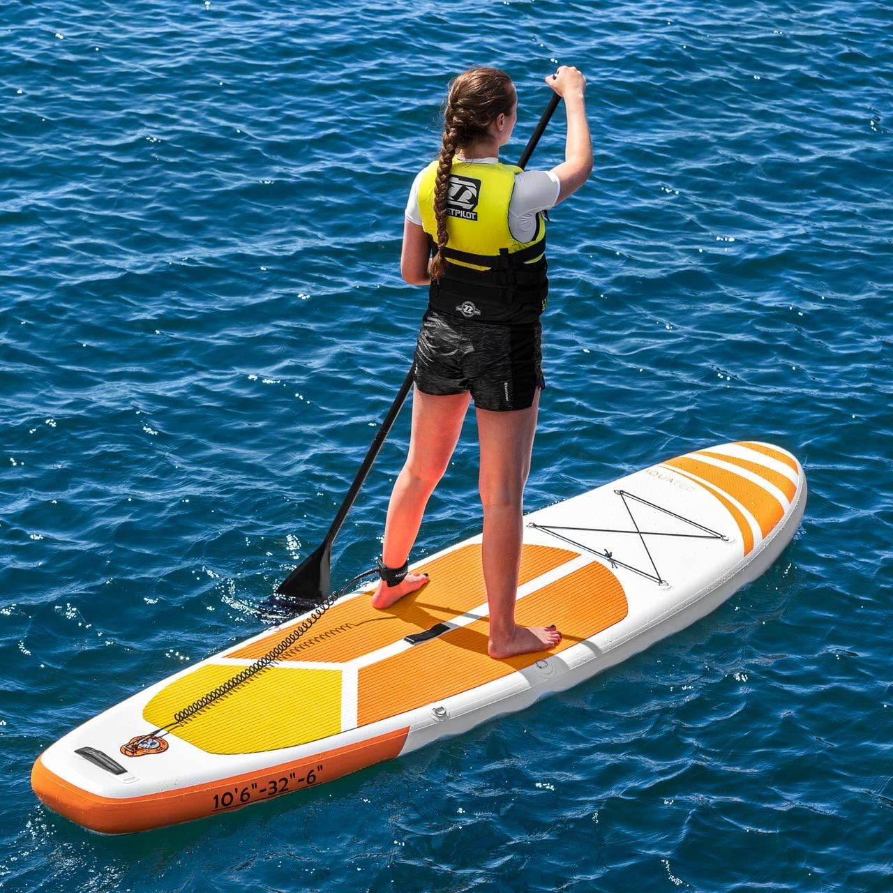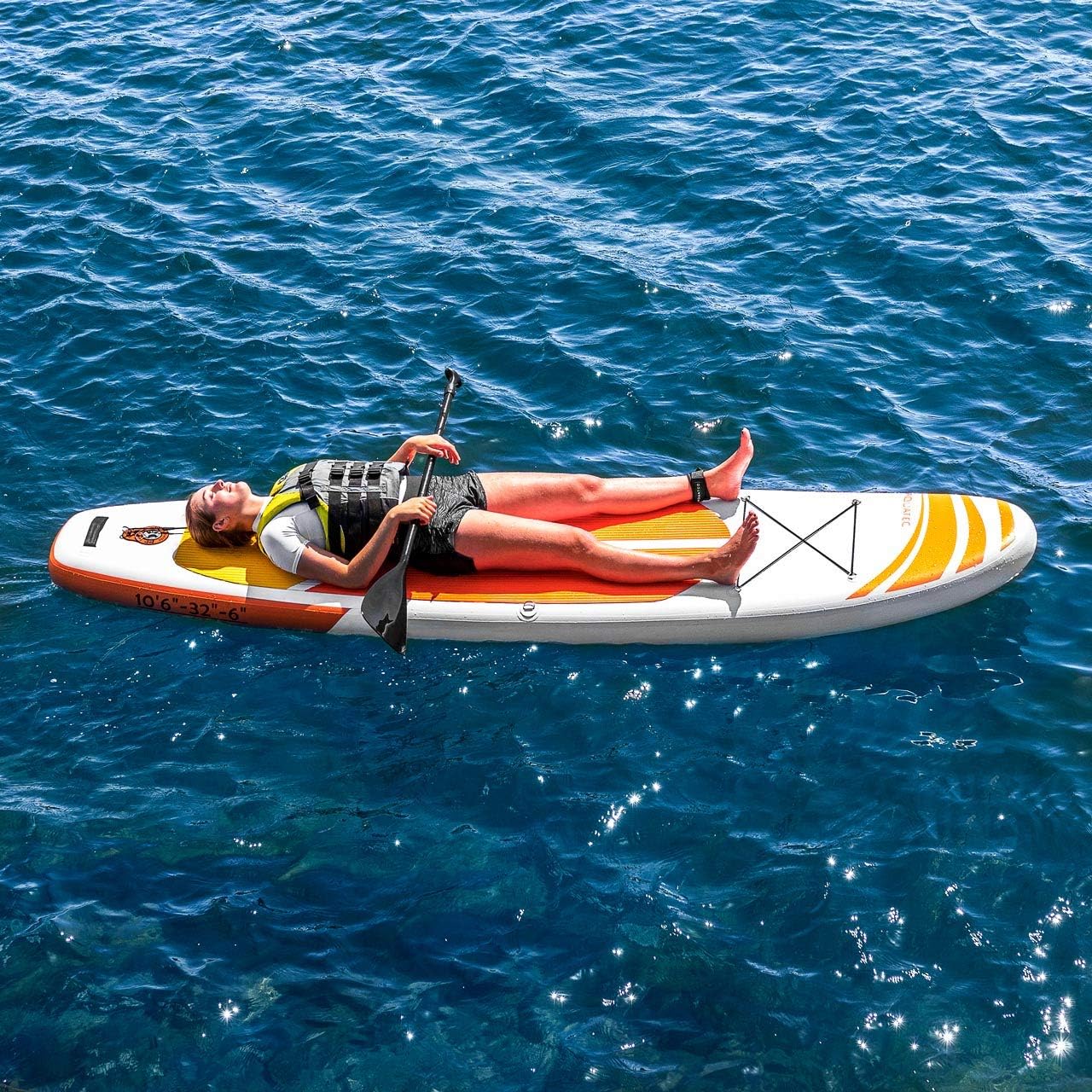 Please Note: This product is non-returnable due to hygiene reasons; this does not affect your statutory rights. SIZES AVAILABLE:Orange Lucia Model: 10ft 6in L x 32in W (3.2m x 0.8m) | 11ft 6in L x 32in (3.5m x 0.8m) Blue Cruiser Model: 10ft 6in L x 32in W (3.2m x 0.8m) | 11ft 6in L x 32in (3.5m x 0.8m) MATERIALS:Lucia Board: High pressure drop stitch with military-grade PVC & EVA non-slip deck padCruiser Board: Fusion Technology + Military-Grade PVC + EVA non-slip deck padPaddle Material: 3-piece adjustable aluminium paddleCoiled Leash Material: Waterproof TPU material – excellent performance when wetIncluded Paddle Pag: Polyester Coated PVCMISCELLANEOUS: What You Get: board, pump, paddle, board backpack, coiled leash, carry strap & repair kit3-piece paddle features an adjustable length – 69-85in (175-215cm) Repair Kit includes a wrench, PVC patch & glueDouble action hand pump features & inflate & deflate optionAll styles of paddle board feature 1x removable centre fin & 2x side finsUPGRADE OPTIONS: Paddle Board Chair – Experience supreme comfort whilst you paddle
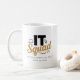 Celebrate your tech team with this sleek and minimalistic “IT Squad” design in bold black and gold script. Featuring a witty quote, “Solving problems you didn’t know you had,” it’s perfect for coders, developers, and IT professionals who keep things running behind the scenes. Optional name personalization on the back makes it a thoughtful gift for any tech wizard. Clean, professional, and team-ready.
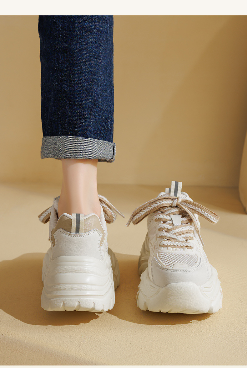 여성을위한 두꺼운 밑창 아빠 신발 2025 새로운 여름 메쉬 통기성 흰색 신발 캐주얼 스포츠 작은 키가 큰 여성 신발스토어 가기
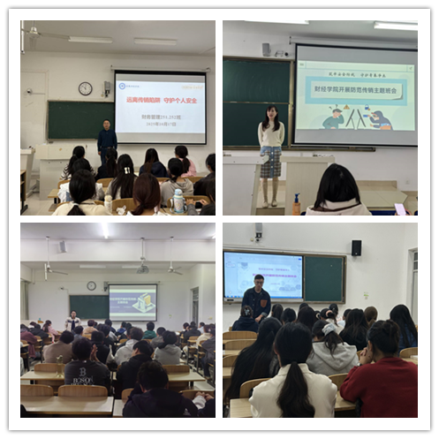 学院采用线上线下相结合的方式开展本次防范传销宣传活动。线下,各班级组织召开主题班会,辅导员以真实案例为切入点,深入剖析传销组织运作模式与常见套路,通过播放反传销警示教育片还原网络投资返利、兼职刷单骗局、高薪招聘陷阱等典型场景,并设置“传销套路大家辨”互动环节,引导同学们分组讨论身边潜在传销风险,总结“不轻信陌生邀约、不透露个人信息、不参与非法集资”的“三不原则”;线上,学院充分利用易班网络平台,发布“防范传销”轻应用,推送相关图文及互动内容,吸引学生积极参与,共同营造“人人识传销、人人反传销”的校园共识。

### Task goal
Where pictures appear, drop them, and reproduce exactly only the lines running from the beginning of the data to the line that contains "여성을위한 두꺼운 밑창", inclusive.

### Solution
 Please Note: This product is non-returnable due to hygiene reasons; this does not affect your statutory rights. SIZES AVAILABLE:Orange Lucia Model: 10ft 6in L x 32in W (3.2m x 0.8m) | 11ft 6in L x 32in (3.5m x 0.8m) Blue Cruiser Model: 10ft 6in L x 32in W (3.2m x 0.8m) | 11ft 6in L x 32in (3.5m x 0.8m) MATERIALS:Lucia Board: High pressure drop stitch with military-grade PVC & EVA non-slip deck padCruiser Board: Fusion Technology + Military-Grade PVC + EVA non-slip deck padPaddle Material: 3-piece adjustable aluminium paddleCoiled Leash Material: Waterproof TPU material – excellent performance when wetIncluded Paddle Pag: Polyester Coated PVCMISCELLANEOUS: What You Get: board, pump, paddle, board backpack, coiled leash, carry strap & repair kit3-piece paddle features an adjustable length – 69-85in (175-215cm) Repair Kit includes a wrench, PVC patch & glueDouble action hand pump features & inflate & deflate optionAll styles of paddle board feature 1x removable centre fin & 2x side finsUPGRADE OPTIONS: Paddle Board Chair – Experience supreme comfort whilst you paddle
 Celebrate your tech team with this sleek and minimalistic “IT Squad” design in bold black and gold script. Featuring a witty quote, “Solving problems you didn’t know you had,” it’s perfect for coders, developers, and IT professionals who keep things running behind the scenes. Optional name personalization on the back makes it a thoughtful gift for any tech wizard. Clean, professional, and team-ready.
 여성을위한 두꺼운 밑창 아빠 신발 2025 새로운 여름 메쉬 통기성 흰색 신발 캐주얼 스포츠 작은 키가 큰 여성 신발스토어 가기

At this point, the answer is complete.